Sample WebService URL and Response: http://www.webservicex.com/globalweather.asmx?wsdl
REST (REpresentational State Transfer):
Rest is a simple way of sending and receiving data between client and server and it doesn’t have very many standards defined. You can send and receive data as JSON, XML or even plain text. It’s lightweight compared to SOAP.
- In case of REST contract between client and service is somewhat complicated and is defined by HTTP, URI, Media Formats and Application Specific Coordination Protocol. It’s highly dynamic unlike WSDL.
- REST is very lightweight, it says wait a minute, we don’t need all of this complexity that SOAP created.
- Typically uses normal HTTP methods instead of a big XML format describing everything. For example to obtain a resource you use HTTP GET, to put a resource on the server you use HTTP PUT. To delete a resource on the server you use HTTP DELETE.
- REST is a very simple in that it uses HTTP GET, POST and PUT methods to update resources on the server.
- REST typically is best used with Resource Oriented Architecture (ROA). In this mode of thinking everything is a resource, and you would operate on these resources.
- As long as your programming language has an HTTP library, and most do, you can consume a REST HTTP protocol very easily.
- Binary data or binary resources can simply be delivered upon their request.
Sample REST URL and response: http://restcountries.eu/rest/v1/name/Australia (To see results from different country, change country name in URL).

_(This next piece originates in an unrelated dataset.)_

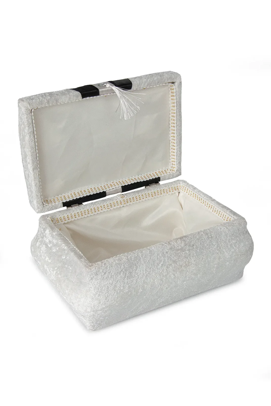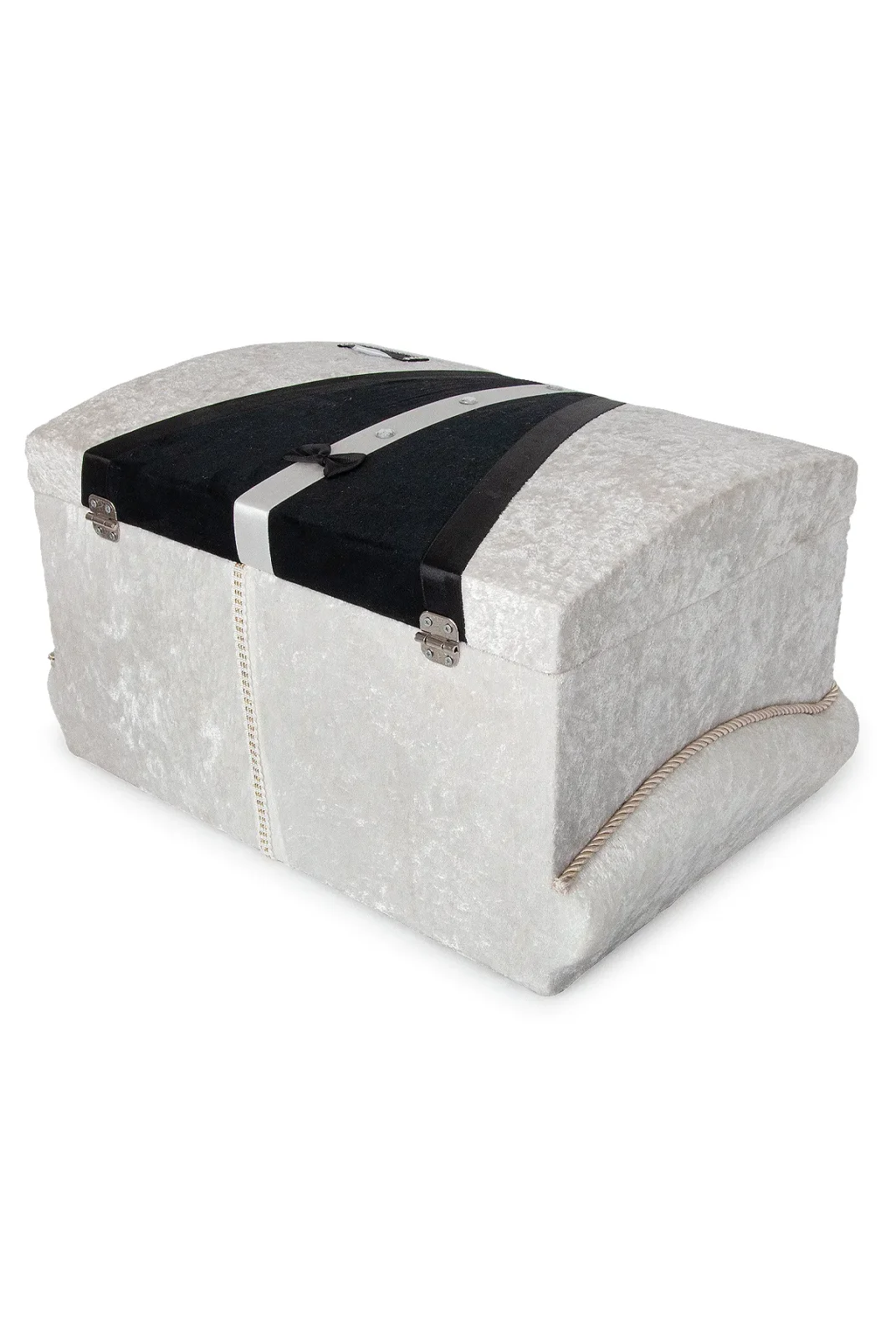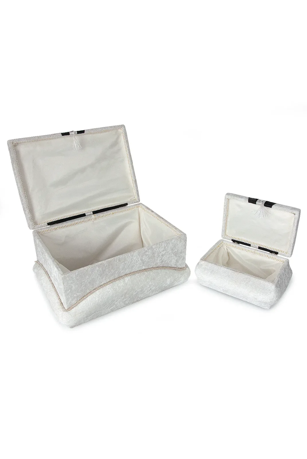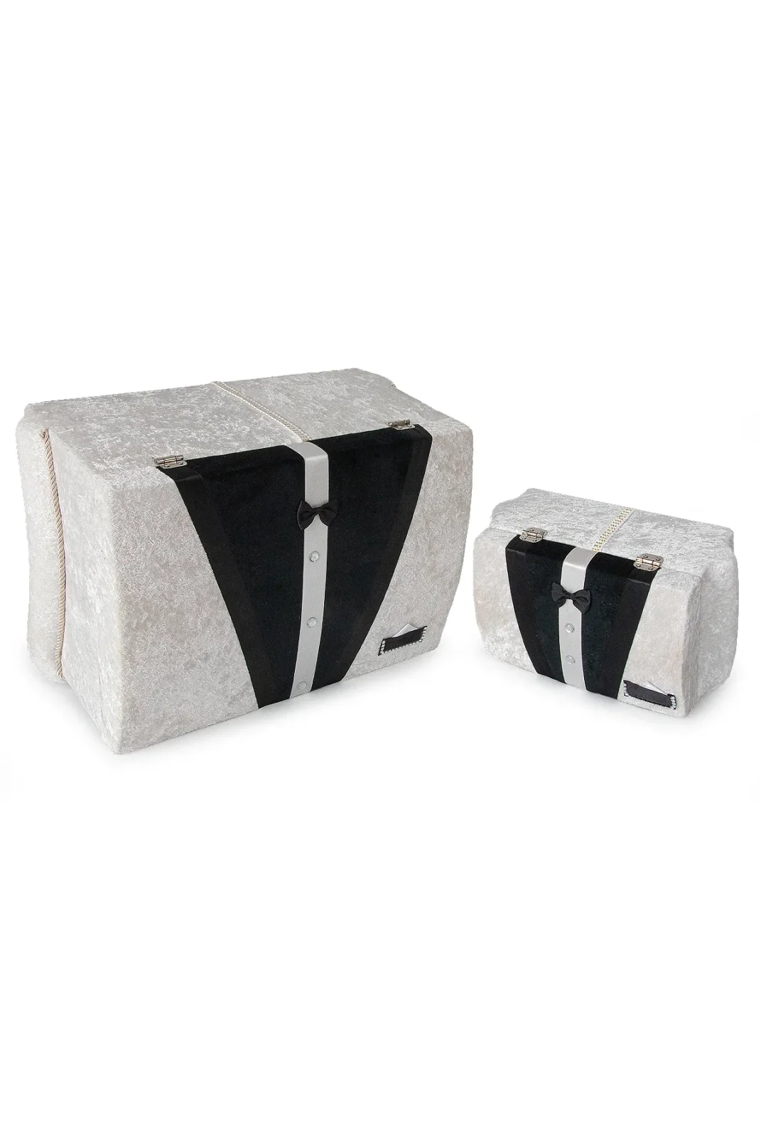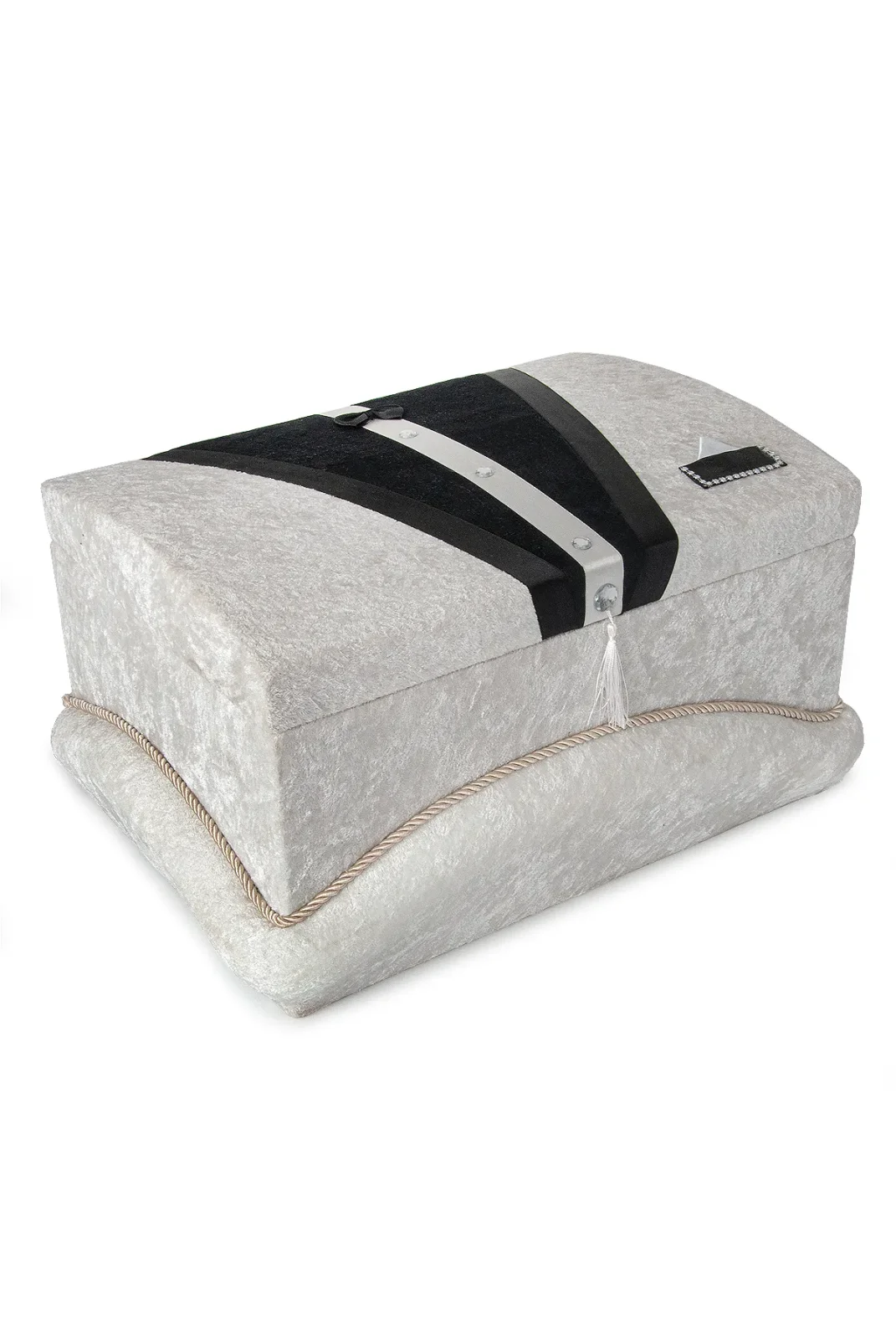 Modern detaylarla tasarlanan krem-siyah kadife süngerli söz, nişan, düğün ve çeyizlik gelin bohça sandık seti, klasik şıklığı modern bir çizgiyle birleştirir. Gümüş aksesuar ve siyah kadife şeritlerle süslenen formu, salon dekoruna premium bir hava katar.

Plain XML or JSON are not RESTful at all. None of them define any controls(i.e. links and link relations, method information, encoding information etc…) which is against REST as far as messages must be self contained and coordinate interaction between agent/client and service.
Both methods are used by many of the large players. It’s a matter of preference. My preference is REST because it’s simpler to use and understand.